TASK DESCRIPTION:
The line containing "Hetian Jade Bracelet" marks the start; repeat it and every following line exactly through the end of the entries.

--- WORKING DATA Enclosed Below ---

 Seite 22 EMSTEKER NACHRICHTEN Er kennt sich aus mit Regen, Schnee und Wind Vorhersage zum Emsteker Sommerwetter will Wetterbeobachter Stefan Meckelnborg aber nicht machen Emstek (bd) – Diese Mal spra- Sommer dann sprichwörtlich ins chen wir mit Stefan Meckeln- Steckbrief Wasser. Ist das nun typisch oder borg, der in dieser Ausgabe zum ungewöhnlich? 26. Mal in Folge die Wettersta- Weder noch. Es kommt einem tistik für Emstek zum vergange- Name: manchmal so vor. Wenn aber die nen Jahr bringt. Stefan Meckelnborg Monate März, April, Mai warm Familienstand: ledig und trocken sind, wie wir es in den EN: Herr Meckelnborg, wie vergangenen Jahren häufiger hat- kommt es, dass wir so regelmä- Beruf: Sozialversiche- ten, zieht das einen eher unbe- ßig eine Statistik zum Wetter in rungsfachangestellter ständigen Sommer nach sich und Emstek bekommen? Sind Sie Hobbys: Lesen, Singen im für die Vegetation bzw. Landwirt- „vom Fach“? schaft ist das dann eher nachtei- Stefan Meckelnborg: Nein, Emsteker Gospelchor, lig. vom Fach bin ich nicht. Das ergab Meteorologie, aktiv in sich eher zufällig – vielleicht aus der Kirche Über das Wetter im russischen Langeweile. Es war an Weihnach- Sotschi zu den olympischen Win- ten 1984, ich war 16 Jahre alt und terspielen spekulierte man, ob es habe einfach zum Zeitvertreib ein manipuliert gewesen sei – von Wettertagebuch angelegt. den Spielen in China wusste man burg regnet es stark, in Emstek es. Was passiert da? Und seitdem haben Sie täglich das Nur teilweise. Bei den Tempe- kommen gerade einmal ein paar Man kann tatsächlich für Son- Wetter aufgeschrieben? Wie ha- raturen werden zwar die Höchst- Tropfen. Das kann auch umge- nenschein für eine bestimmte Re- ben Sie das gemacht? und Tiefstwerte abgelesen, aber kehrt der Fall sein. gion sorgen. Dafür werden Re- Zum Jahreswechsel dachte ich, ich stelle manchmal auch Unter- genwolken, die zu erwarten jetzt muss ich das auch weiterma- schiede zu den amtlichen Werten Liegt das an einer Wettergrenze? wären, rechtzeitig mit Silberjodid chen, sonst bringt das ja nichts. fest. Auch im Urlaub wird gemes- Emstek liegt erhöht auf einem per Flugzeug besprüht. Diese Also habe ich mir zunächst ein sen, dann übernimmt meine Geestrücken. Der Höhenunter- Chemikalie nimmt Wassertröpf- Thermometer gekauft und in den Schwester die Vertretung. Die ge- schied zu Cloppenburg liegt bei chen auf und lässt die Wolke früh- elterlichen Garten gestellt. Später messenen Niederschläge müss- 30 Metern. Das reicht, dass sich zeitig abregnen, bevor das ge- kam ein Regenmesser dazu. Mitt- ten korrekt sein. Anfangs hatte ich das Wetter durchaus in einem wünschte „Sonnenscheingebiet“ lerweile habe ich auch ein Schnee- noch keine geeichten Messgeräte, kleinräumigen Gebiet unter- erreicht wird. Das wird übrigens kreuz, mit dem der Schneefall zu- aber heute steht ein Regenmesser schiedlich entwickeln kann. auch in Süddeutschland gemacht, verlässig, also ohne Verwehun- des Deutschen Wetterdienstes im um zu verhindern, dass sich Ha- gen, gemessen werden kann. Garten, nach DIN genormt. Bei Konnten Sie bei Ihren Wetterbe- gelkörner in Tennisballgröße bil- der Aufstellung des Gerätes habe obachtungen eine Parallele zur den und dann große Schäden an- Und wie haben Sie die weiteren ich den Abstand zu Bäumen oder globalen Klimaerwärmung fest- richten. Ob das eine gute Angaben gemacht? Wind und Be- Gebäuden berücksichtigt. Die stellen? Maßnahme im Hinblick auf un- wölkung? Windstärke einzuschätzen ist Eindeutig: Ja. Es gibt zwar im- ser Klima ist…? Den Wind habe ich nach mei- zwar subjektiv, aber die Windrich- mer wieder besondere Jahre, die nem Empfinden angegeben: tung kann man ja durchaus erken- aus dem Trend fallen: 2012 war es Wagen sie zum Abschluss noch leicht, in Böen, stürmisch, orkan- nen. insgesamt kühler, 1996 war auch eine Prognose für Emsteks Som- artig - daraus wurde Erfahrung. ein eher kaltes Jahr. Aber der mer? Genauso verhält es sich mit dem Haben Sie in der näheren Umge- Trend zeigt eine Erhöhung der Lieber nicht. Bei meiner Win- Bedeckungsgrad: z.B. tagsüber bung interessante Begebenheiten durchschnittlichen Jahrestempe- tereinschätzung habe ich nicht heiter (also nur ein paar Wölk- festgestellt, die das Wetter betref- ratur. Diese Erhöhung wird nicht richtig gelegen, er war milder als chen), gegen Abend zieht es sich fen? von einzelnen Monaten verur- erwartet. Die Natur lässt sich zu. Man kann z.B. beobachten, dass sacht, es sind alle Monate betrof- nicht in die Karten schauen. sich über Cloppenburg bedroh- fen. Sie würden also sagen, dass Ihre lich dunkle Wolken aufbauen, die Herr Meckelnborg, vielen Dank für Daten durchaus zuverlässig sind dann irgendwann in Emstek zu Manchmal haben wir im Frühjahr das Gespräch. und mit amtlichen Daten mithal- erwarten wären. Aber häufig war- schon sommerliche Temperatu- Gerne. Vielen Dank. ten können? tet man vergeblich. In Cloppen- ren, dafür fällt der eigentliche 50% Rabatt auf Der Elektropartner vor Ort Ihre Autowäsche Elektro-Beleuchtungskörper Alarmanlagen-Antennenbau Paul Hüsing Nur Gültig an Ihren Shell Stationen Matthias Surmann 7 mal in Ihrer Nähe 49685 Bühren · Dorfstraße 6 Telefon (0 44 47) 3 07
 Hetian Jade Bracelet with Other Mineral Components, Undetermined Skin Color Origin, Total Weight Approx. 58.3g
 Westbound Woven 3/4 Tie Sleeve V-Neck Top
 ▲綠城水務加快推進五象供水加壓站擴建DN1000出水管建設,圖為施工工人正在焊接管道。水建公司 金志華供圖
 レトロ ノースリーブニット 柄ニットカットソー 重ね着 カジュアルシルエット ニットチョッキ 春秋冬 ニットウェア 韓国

--- End of Enclosed WORKING DATA ---

ANSWER BOX:
 Hetian Jade Bracelet with Other Mineral Components, Undetermined Skin Color Origin, Total Weight Approx. 58.3g
 Westbound Woven 3/4 Tie Sleeve V-Neck Top
 ▲綠城水務加快推進五象供水加壓站擴建DN1000出水管建設,圖為施工工人正在焊接管道。水建公司 金志華供圖
 レトロ ノースリーブニット 柄ニットカットソー 重ね着 カジュアルシルエット ニットチョッキ 春秋冬 ニットウェア 韓国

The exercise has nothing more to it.